The call is for a woman I do not know.

“Not me,” I say in my best Russian accent.

“Kim, you owe $1,089 to Victoria’s Secret. Are you able to make a payment?”




“But you owe this money, Kim.”

“Not Kim,” I insist, my accent as thick as it goes.

He calls me a liar.

“I say, NOT Kim.”

He says he’ll play back the tape.

“Da! Tape!”

He hangs up, and I must face the hard truth that my Russian accent needs a lot of work.

Democracy’s surname

I drop off my wife’s mail-in ballot and explain to the poll worker that I also need a ballot.

“No problem,” he says.

But there is a problem.

“She’s Ferguson, you’re Estrin,” he says, sounding confused.

I can’t resist. After five years of marriage, I’ve become hyper-aware of the assumptions strangers make when it comes to gender and surnames. The mailman, hotel clerks, and TSA officers all being prime examples.

“I’m a modern man,” I declare. “I decided to keep my last name, rather than take her last name.”

My joke, my little twist on who should take whose last name sails over the man’s head.

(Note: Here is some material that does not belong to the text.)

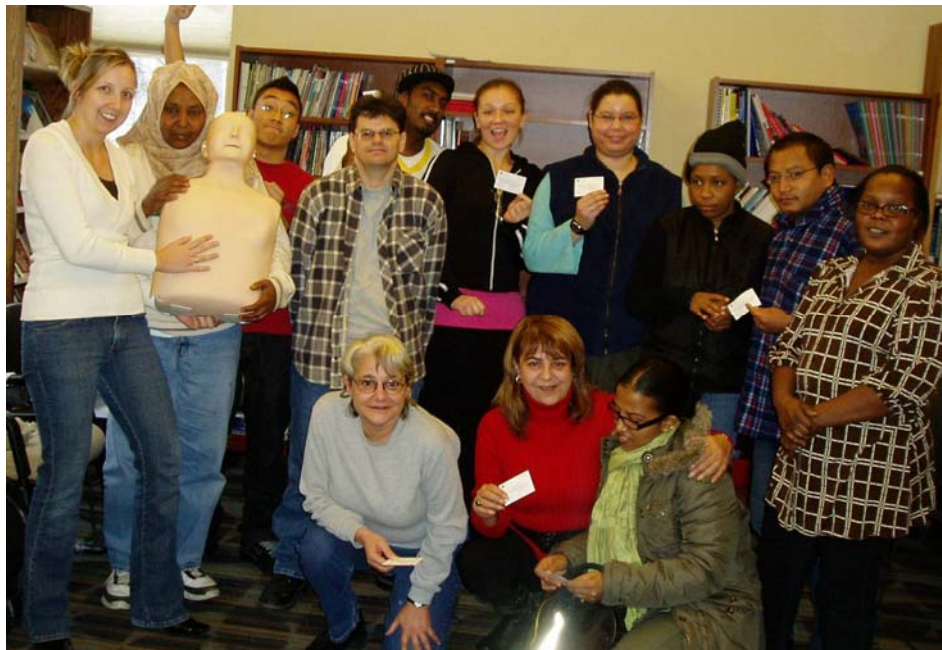
Academic Upgrading participants display recently earned Basic CPR Certification

“I don’t understand,” he says. “She’s really your wife?”

His question is irrelevant to voting, but I don’t want to cause any additional confusion at the ballot box, so I decide to clarify the situation in terms a man like this can understand.

“Of course she’s my wife,” I say. “When have you heard of a single man running errands for a woman who isn’t his wife?”

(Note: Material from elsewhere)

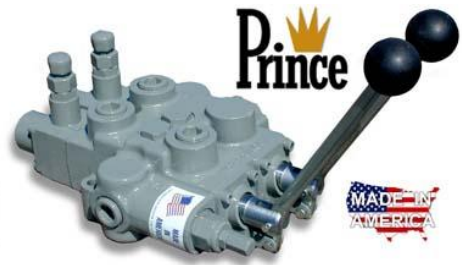
Auto Cycle Valve

Open Center hydraulic Valve: There are two basic valve systems used on log splitters: They come with different options
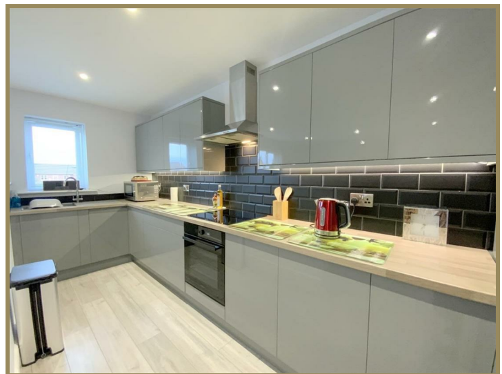
4 Roy's Drive, Tetney, DN36 5FS £196,000

My logical is as flawed as our democracy, and so it’s no surprise at all that the man responds with a knowing smile and a friendly wave toward the ballot box.

Rambling bullshit

I rent, but the man on the phone says he can save me a lot of money on my mortgage.

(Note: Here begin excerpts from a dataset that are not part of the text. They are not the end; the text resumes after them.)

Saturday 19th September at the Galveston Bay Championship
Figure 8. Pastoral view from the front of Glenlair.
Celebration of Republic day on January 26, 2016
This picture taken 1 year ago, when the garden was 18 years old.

“Do you know what your interest rate is, Michael?”

“It’s about 84 percent. No 85.”

“Why so much?”

“It’s a complicated story,” I say. “I signed a lot of documents with all the wrong people. It’s one of those adjustable rates, but it goes up whenever certain pro sports teams lose. It may also adjust with the weather, I’m not sure. There was a lot of fine print.”


“I also lost a lot of money investing in energy drinks, you know how that goes.”

“Certainly. Do know what your balance is?”

“A lot. Like hundreds of millions. I don’t have an exact figure.”

“That’s ok. Do you know how much the property is worth?”

“Two million!”

“Ok. We can help you, Michael.”

“Outstanding. I’ve been waiting for this call.”

“Now, it’s just the one mortgage, correct?”

“No, I have eight mortgages.”


“Yes, but they’re all with the same company.”

“So how much do you owe total, counting all eight?”

“Like a billion.”

“A billion against two million?”

“Correct! But I figure if I can refi down to 50 percent and other investments pan out, I should be good.”

“Michael, are you trying to pull my leg?”

“I wouldn’t say I’m trying so much as I’m succeeding.”

“Yes, you got me, Michael. Well done. You have a good day!”

“Talk again soon?”


Extinction event

The telemarketer asks if I’m interested in new floors.

“Thank god you called,” I say. “I need new floors. Bad.”

“Great! Let me tell you about some of our options.”

“Ok, but we should probably talk about the old floors first,” I say.


“So… what I need to know is if the crew you send can pull up the old floor?”

“Oh yes, they can do that.”

“Ok, but here’s the thing. There’s like a lot of stuff on top of the floor.”

“Oh, that’s not problem.”

“But it’s like a lot. And it’s kind of messy. And it smells.”

“What is it?”

“In the living room, I’ve got the carcass of a triceratops.”


“Yeah. And it’s big and it’s smelly. So to be honest, there’s kind of a waste removal job that needs to get done first, and I’m looking for a vendor that can haul this triceratops carcass out of here and then put in a new floor.”

“Hmm… I don’t know if we do waste removal.”

“I understand. But it’s vital that whoever puts in these new floors is prepared to deal with this triceratops carcass, otherwise it just won’t work.”

“Well, I really want your business, sir. Can you stay on the line while I ask?”


She puts the phone aside and calls out to her coworkers. I hear the word “triceratops” followed by laughter. A moment later, she comes back on the line.

“Sir, I don’t believe you have a dinosaur in your living room.”

“What gave it away?”

“Sir, I’m going to hang up because you’re wasting my time.”

“Ok, but for the record, I’m going to hang up first for the exact same reason.”